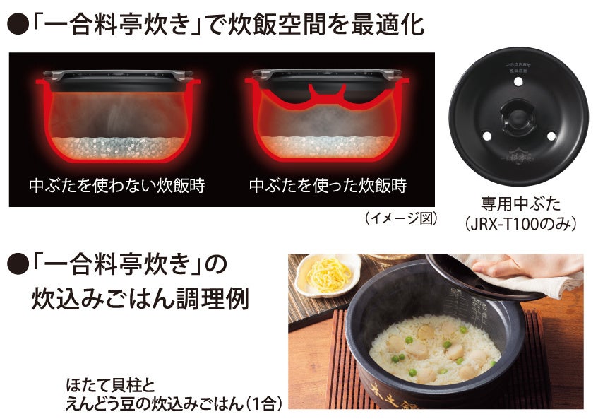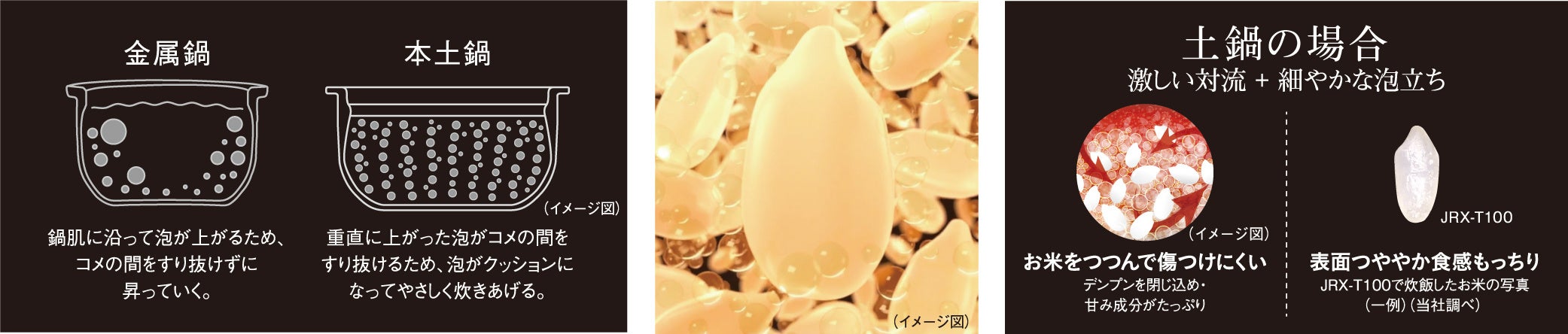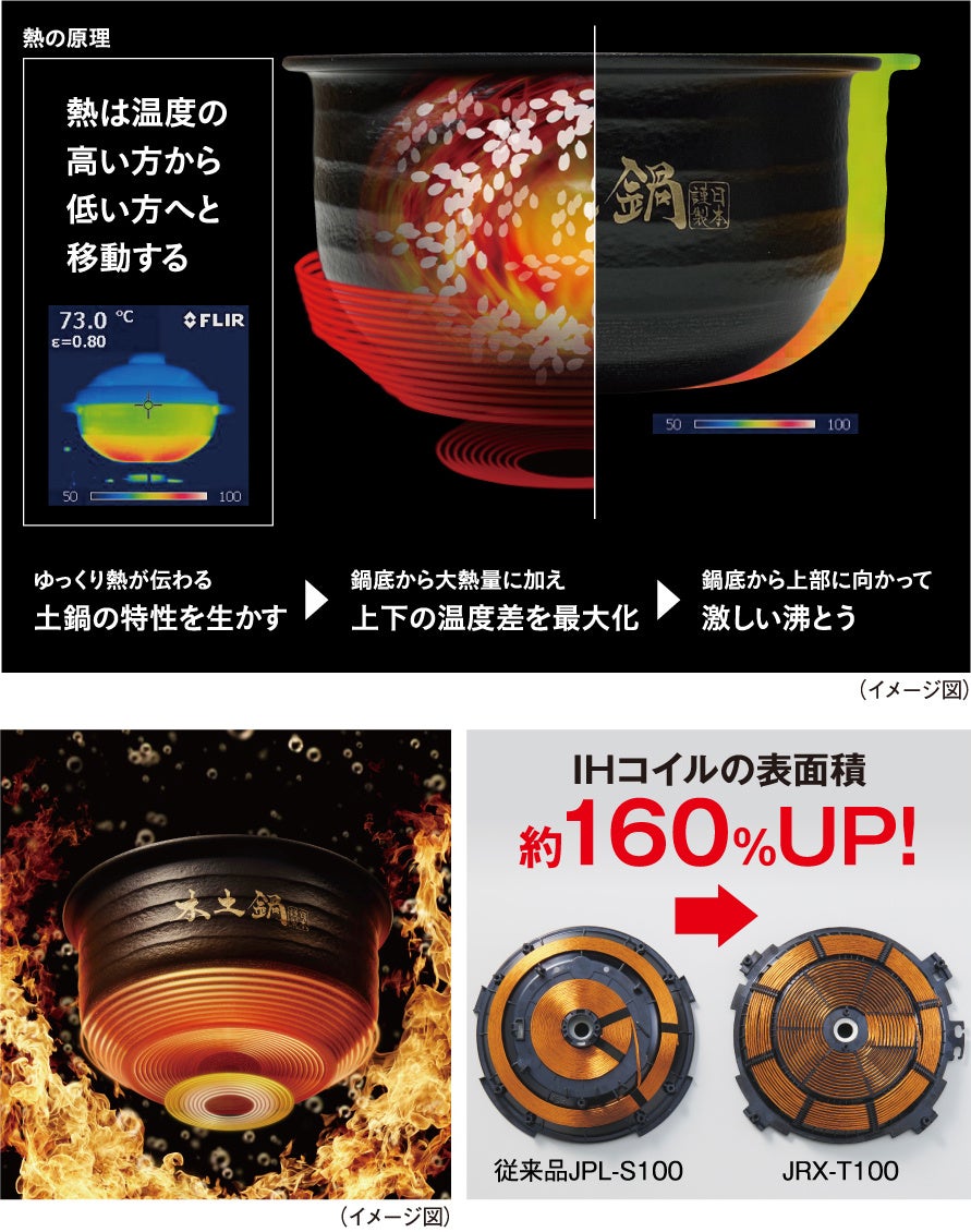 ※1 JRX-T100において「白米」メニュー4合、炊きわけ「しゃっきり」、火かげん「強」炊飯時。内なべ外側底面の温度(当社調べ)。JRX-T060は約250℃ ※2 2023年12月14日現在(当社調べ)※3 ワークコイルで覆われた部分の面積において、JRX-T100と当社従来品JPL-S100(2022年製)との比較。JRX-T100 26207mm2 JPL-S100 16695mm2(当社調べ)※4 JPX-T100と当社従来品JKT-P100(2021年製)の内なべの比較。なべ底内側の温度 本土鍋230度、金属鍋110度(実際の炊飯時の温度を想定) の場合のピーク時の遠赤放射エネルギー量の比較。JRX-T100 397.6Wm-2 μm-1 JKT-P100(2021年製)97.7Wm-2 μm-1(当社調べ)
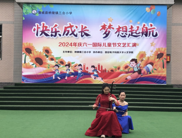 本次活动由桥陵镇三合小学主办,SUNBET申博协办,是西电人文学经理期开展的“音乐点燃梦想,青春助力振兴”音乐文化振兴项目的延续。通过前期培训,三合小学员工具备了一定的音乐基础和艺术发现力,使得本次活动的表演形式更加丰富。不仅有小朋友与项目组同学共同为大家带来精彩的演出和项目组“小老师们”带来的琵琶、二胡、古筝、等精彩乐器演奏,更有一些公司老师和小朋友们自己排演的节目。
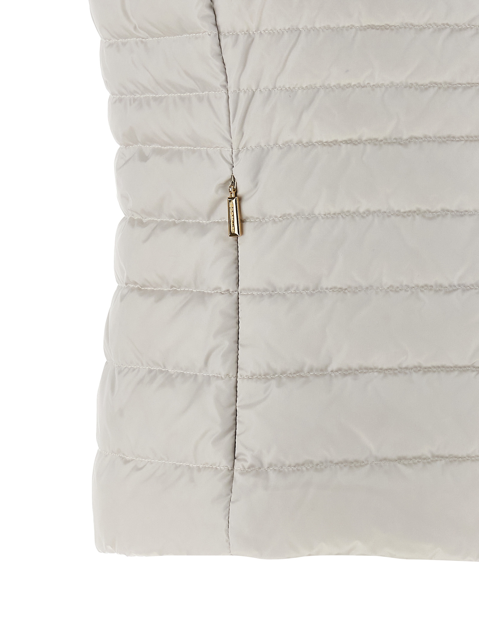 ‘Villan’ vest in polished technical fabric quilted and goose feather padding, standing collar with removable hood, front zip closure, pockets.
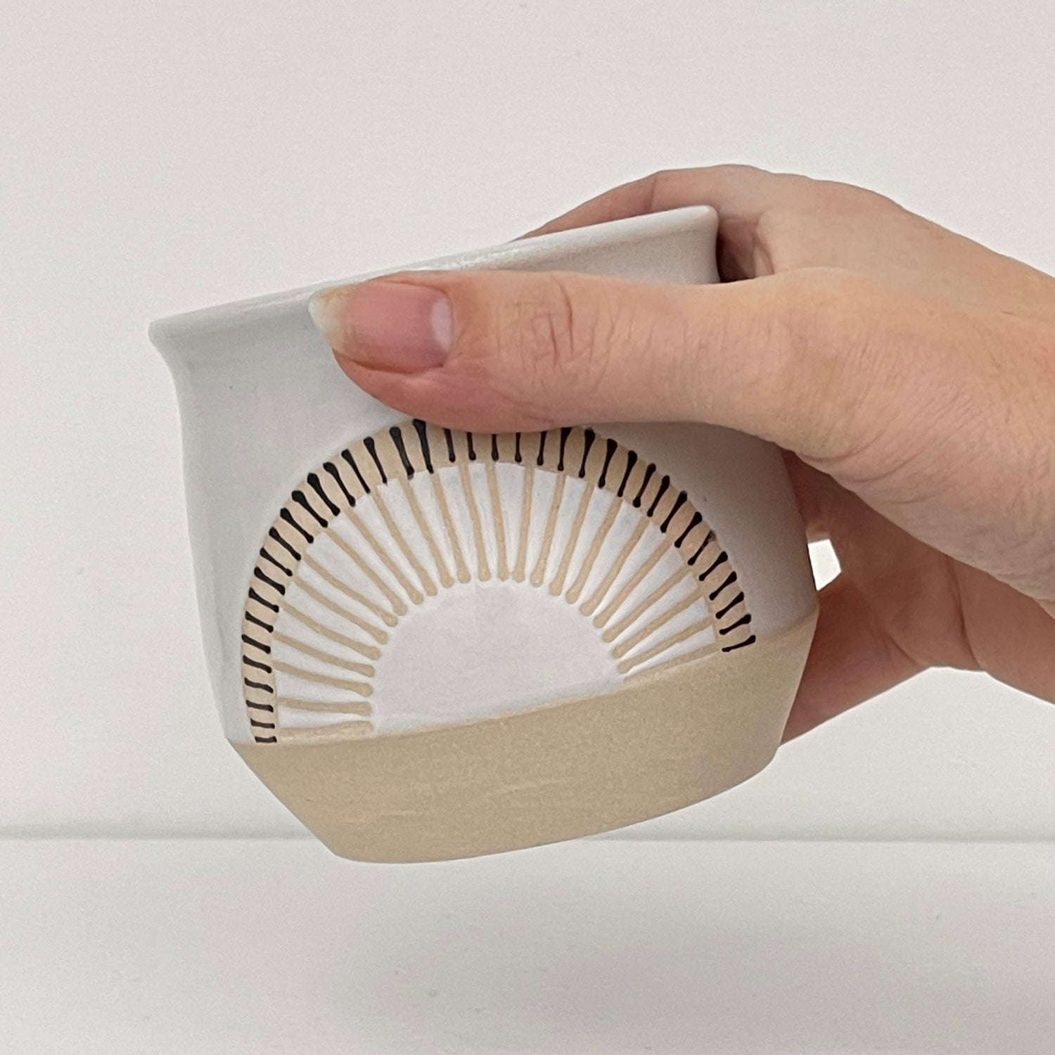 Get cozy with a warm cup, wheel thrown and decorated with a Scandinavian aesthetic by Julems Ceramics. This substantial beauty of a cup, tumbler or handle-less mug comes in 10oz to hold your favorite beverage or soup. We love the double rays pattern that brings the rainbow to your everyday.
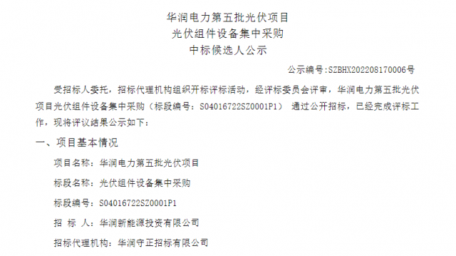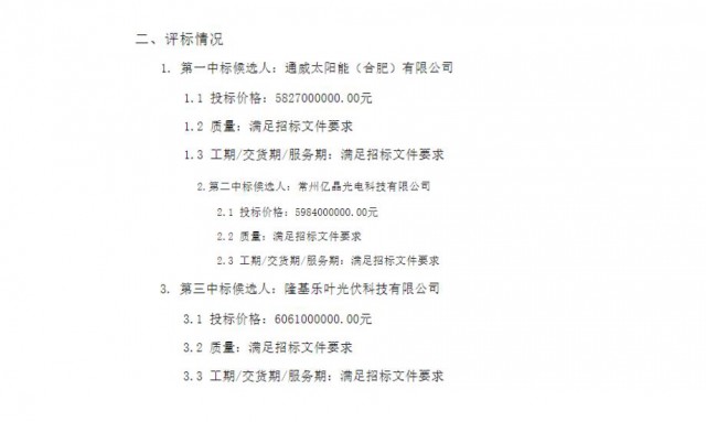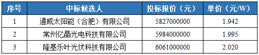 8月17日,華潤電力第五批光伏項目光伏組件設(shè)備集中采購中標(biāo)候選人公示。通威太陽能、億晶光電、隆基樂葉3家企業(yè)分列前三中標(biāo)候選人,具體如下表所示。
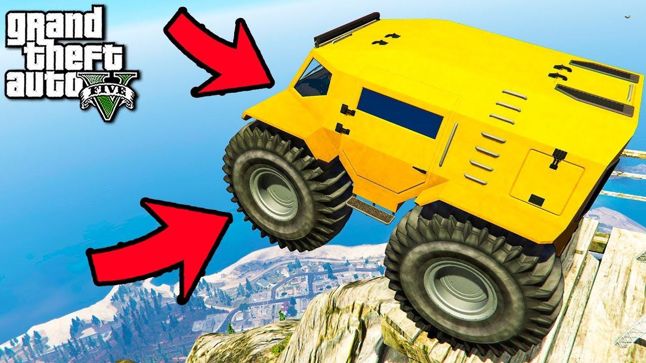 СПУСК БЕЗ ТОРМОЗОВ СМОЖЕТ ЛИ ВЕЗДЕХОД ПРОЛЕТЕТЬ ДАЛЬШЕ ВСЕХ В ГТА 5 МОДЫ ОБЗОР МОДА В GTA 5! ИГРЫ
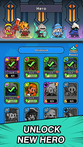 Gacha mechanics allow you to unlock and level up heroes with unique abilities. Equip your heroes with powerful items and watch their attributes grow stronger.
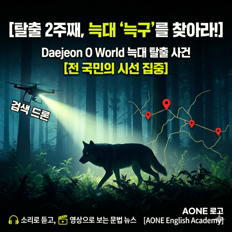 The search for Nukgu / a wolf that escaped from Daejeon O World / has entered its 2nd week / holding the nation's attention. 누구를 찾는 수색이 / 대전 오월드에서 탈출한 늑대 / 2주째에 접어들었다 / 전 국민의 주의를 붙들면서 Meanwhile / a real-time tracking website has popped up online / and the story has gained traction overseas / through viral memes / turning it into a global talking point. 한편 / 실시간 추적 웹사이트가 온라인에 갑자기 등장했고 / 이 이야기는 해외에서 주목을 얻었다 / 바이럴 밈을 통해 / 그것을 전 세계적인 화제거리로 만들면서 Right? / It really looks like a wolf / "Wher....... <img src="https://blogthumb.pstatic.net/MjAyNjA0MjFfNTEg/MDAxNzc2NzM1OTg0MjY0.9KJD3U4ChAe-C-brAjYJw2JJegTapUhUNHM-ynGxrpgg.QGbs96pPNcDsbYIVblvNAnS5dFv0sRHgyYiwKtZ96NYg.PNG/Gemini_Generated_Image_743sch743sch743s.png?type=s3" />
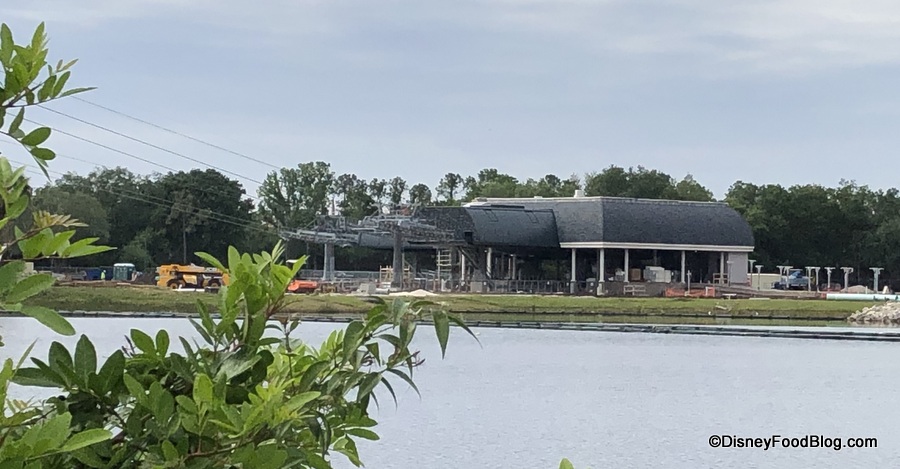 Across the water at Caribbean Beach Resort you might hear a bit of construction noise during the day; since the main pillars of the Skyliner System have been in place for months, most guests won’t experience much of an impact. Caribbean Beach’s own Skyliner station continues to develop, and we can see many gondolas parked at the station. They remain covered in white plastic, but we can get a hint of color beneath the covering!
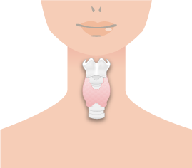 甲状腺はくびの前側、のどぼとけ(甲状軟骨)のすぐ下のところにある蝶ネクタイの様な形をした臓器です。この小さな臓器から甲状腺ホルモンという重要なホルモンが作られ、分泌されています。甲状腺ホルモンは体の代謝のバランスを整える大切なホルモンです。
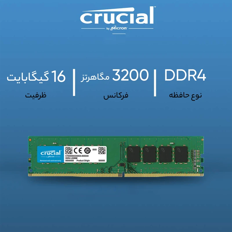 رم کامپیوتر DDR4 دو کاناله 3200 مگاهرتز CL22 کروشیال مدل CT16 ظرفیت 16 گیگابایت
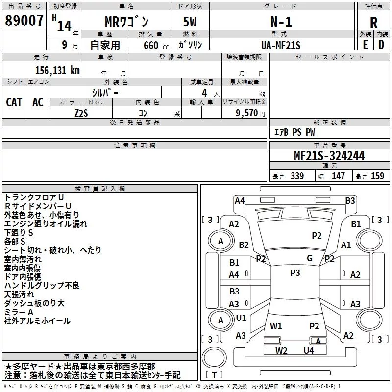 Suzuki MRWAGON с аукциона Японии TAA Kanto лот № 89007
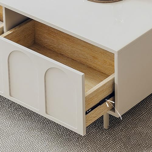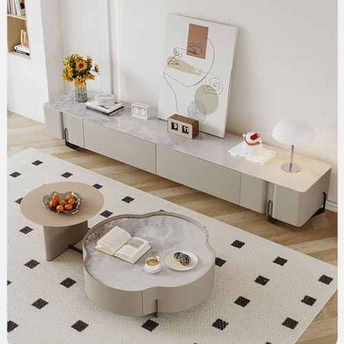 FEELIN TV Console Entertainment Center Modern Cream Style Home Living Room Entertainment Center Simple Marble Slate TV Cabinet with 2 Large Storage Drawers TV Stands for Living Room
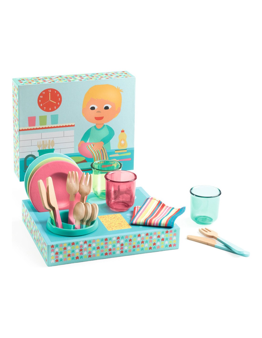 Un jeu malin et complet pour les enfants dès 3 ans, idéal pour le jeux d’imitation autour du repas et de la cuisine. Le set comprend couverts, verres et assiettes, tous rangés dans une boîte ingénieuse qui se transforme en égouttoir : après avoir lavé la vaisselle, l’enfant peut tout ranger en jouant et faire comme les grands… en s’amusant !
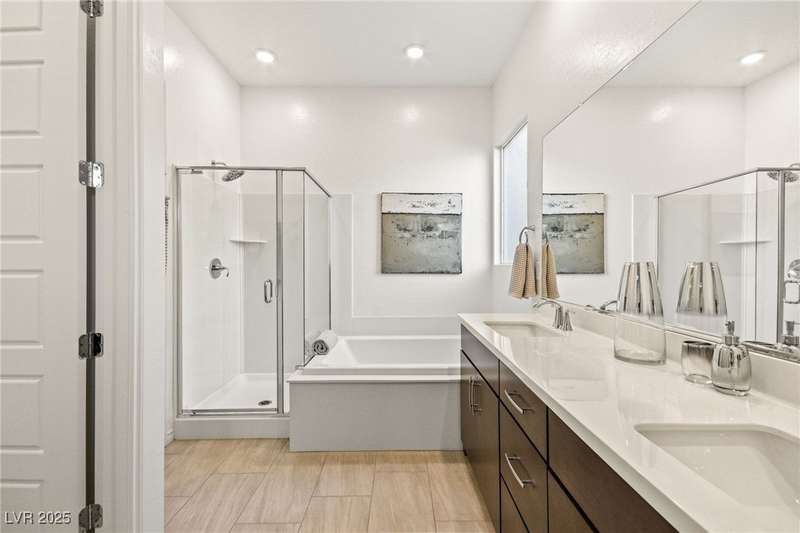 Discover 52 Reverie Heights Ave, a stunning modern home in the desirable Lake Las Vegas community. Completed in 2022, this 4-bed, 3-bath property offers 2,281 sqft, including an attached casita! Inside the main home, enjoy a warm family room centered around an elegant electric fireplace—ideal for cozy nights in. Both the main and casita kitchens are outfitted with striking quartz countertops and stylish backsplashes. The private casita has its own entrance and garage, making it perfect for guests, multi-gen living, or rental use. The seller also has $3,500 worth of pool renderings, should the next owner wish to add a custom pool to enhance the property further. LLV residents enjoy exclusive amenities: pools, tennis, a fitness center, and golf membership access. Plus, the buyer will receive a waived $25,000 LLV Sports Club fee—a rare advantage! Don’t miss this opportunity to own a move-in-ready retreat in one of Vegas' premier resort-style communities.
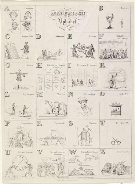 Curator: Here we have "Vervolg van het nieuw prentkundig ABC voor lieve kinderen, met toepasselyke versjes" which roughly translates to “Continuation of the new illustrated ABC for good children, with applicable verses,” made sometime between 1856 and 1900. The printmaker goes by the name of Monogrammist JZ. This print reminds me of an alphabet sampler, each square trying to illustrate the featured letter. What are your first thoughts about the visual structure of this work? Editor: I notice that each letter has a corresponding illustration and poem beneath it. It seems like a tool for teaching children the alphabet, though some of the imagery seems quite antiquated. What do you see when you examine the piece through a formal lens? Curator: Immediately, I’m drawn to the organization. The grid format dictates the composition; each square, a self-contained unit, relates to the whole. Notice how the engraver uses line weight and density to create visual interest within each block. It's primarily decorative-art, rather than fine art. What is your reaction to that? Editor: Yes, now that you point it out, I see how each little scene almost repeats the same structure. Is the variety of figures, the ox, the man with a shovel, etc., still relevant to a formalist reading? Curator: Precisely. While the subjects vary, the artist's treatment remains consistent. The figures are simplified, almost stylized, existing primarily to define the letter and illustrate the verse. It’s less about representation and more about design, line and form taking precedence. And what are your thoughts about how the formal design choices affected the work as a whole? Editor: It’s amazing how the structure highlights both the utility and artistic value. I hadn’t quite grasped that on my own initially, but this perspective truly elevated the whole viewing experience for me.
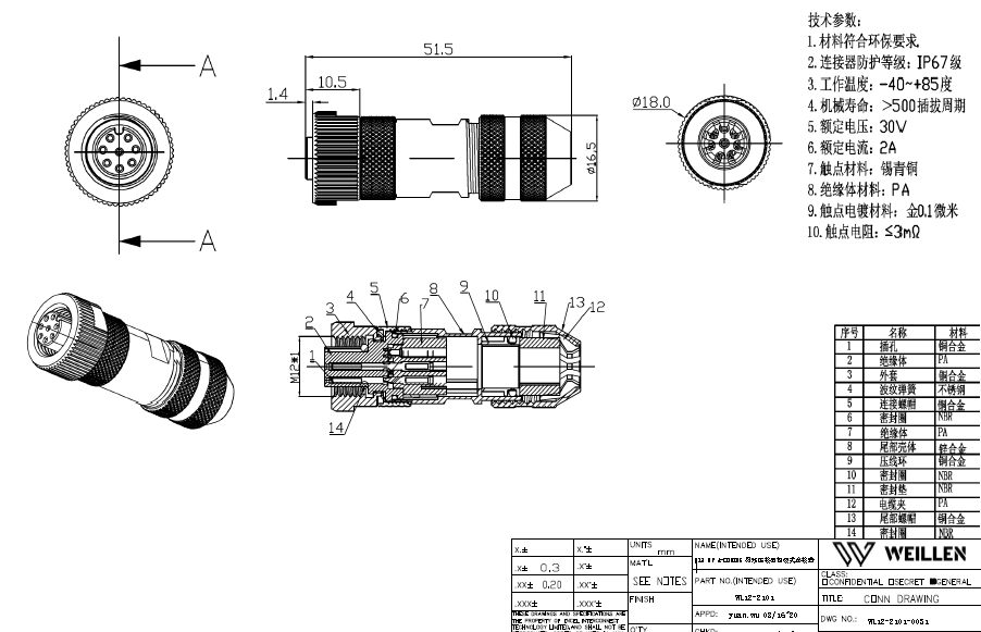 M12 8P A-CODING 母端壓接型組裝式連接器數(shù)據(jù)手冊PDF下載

Directions for this task
From the line with "8月17日,華潤電力第五批光" up to and including the line with "Gacha mechanics allow" above, retype every line exactly and nothing more; leave out the pictures.

Solution for this exercise
 8月17日,華潤電力第五批光伏項目光伏組件設(shè)備集中采購中標(biāo)候選人公示。通威太陽能、億晶光電、隆基樂葉3家企業(yè)分列前三中標(biāo)候選人,具體如下表所示。
 СПУСК БЕЗ ТОРМОЗОВ СМОЖЕТ ЛИ ВЕЗДЕХОД ПРОЛЕТЕТЬ ДАЛЬШЕ ВСЕХ В ГТА 5 МОДЫ ОБЗОР МОДА В GTA 5! ИГРЫ
 Gacha mechanics allow you to unlock and level up heroes with unique abilities. Equip your heroes with powerful items and watch their attributes grow stronger.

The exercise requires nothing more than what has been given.